Die Idee dazu kam den Verantwortlichen
des Kunstvereins ziemlich genau vor einem Jahr. „Während des ersten Lockdowns traf man sich auf einmal zum Spazierengehen. Und dabei haben einige von uns Orte entdeckt, auf die wir aufmerksam machen wollen, die wir beleben wollen“, erklärt sie weiter.
Wie es zum Portfolio des innovativen Kunstvereins gehört, wurden keine heimischen Künstler um Mitarbeit angefragt, sondern man besprach sich mit jungen Kunstschaffenden
aus ganz Deutschland. „Die Künstler waren dann im Winter hier in Saarbrücken, haben sich die Orte angeschaut und dann erste Ideen entwickelt“, berichtet Hannes Brischke, ebenfalls Mitglied im Kunstverein.
Gemeinsam hat der Kunstverein anschließend mit neun Kunstschaffenden Konzepte erarbeitet und abgesprochen, denn die Werke sollen den Ort bespielen, aber auch zum Mitmachen und Teilhaben einladen.
Gleichzeitig haben die Verantwortlichen in Saarbrücken sich mit verschiedenen Ämtern in Verbindung gesetzt. „Die Zusammenarbeit mit dem Kulturamt, dem Ordnungsamt und dem Amt für Grünflächen war wirklich super.
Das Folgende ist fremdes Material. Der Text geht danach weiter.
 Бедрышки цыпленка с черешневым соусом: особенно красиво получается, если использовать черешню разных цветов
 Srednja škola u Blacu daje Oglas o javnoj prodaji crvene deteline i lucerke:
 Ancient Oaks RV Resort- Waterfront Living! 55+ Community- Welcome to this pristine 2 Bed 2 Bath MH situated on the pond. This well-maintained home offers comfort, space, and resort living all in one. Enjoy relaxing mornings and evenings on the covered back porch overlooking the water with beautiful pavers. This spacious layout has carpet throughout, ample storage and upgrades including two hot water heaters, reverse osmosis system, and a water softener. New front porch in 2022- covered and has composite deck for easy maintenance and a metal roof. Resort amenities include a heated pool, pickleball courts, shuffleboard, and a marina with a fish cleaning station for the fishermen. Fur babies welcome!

Sie haben uns alle unterstützt und geholfen“, schwärmt Leonie Scheidt.
Und so kann man sich nun bis Ende Mai in Saarbrücken an sieben Orten kleine und größere, auffällige und fast versteckte, aber meist zum Mitmachen einladende Kunstwerke anschauen.
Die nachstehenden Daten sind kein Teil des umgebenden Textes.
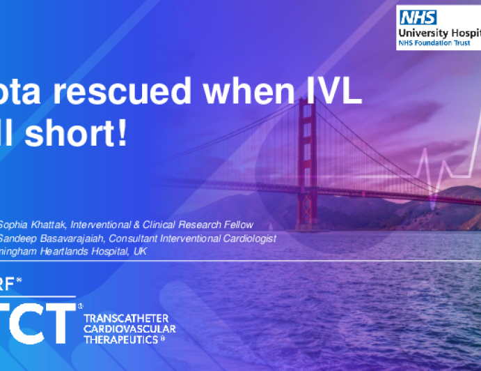 Presentation TCT 2025 TCT 1727: Rota Rescued When IVL Fell Short Presenter: Sophia Khattak October 26, 2025 REGISTER for free or LOG IN to view this content TCT 2025 Up Next Presentation TCT 2025 TCT 1730: Rotational Atherectomy in a Patient With ST-Segment Elevation Myocardial Infarction: From Relative Contraindication to Salvation Presenter: Michail Papafaklis October 26, 2025 More slides + Presentation TCT 2025 TCT 1869: Rotational Atherectomy: Managing Burr Entrapment Presenter: Qais Radaideh October 26, 2025 Presentation TCT 2025 TCT 1732: Back From the Brink: Complex LMS/LAD PCI With Intra-Procedural Arrest, Rotablation, IVL and Drug-Coated Balloon Rescue Presenter: Joseph Appiah October 26, 2025 We Recommend Disclosures <p>Nothing to disclose</p>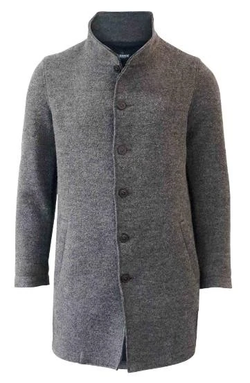ist ein stilvoller Herrenmantel aus 100% gefilzter Wolle. Mit Windschutzmaterial wird es zum perfekten Oberbekleidungsstück. Die Filzwolle verleiht einen robusten und eleganten Look. Nützlich für viele Gelegenheiten. So lange, dass es die Jacke bedeckt. Rohe Schnittkanten. Dieses Modell ist mit zwei Seitentaschen mit Reißverschluss und einer Innentasche ausgestattet, ebenfalls mit einem Reißverschluss.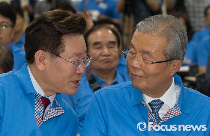 (괴산=포커스뉴스) 김종인(오른쪽) 더불어민주당 비대위 대표가 1일 오후 충북 괴산 성불산자연휴양림에서 열린 충북도당 핵심당직자 워크숍에 참석, 이재명 성남시장과 대화하고 있다.

Das nächste Werk, „Adresse“von Ada Hillebrecht, befindet sich nur wenige Schritte von der Rotenbergtreppe entfernt im Echelmeyerpark.
Sie hat zwei Briefkästen aufgestellt, einer mit „ja“, der andere mit „nein“beschriftet. Dort darf man eigene Ideen, Meinungen und Vorschläge einwerfen. „So werden Briefkästen meinungsbildend“, sagt Leonie Scheidt.
Allerdings stehen die beiden Briefkästen ganz in der Nähe der Baustelle eines neuen Wohnprojekts, das in der Nachbarschaft nicht unumstritten ist. Daher ist es spannend, was sich tatsächlich für Aussagen in den Briefkästen finden werden, die nach Ende des Projekts auf der Internetseite veröffentlicht werden.
Weitere temporäre Kunstwerke des Projekts „Platz machen“finden sich auf dem Malstatter Markt, in der Nähe der Johanneskirche, in der Talstraße und der Kaiserstraße. „Nur das Kunstwerk ,Auf Autos starren’ von Simone Jahnkow an der Luisenbrücke ist nicht mehr im Originalzustand zu sehen. Es war bereits zwei Tage nach Aufbau zerstört worden“, sagt Hannes Brischke. Eine Interaktion der zerstörerischen Art. Aber auch damit haben die Verantwortlichen des Neuen Saarbrücker Kunstvereins gerechnet. Und so wird die Arbeit zwar nicht wieder hergestellt, aber die Künstlerin wird sich mit der neuen Situation nochmal auseinandersetzen. „Daher wollen wir am Ende des Projekts in einem Online Talk über das Projekt selbst, aber auch über die Beständigkeit von zeitgenössischer Kunst im öffentlichen Raum mit allen Interessierten sprechen“, sagt Leonie Scheidt und lädt herzlich dazu ein.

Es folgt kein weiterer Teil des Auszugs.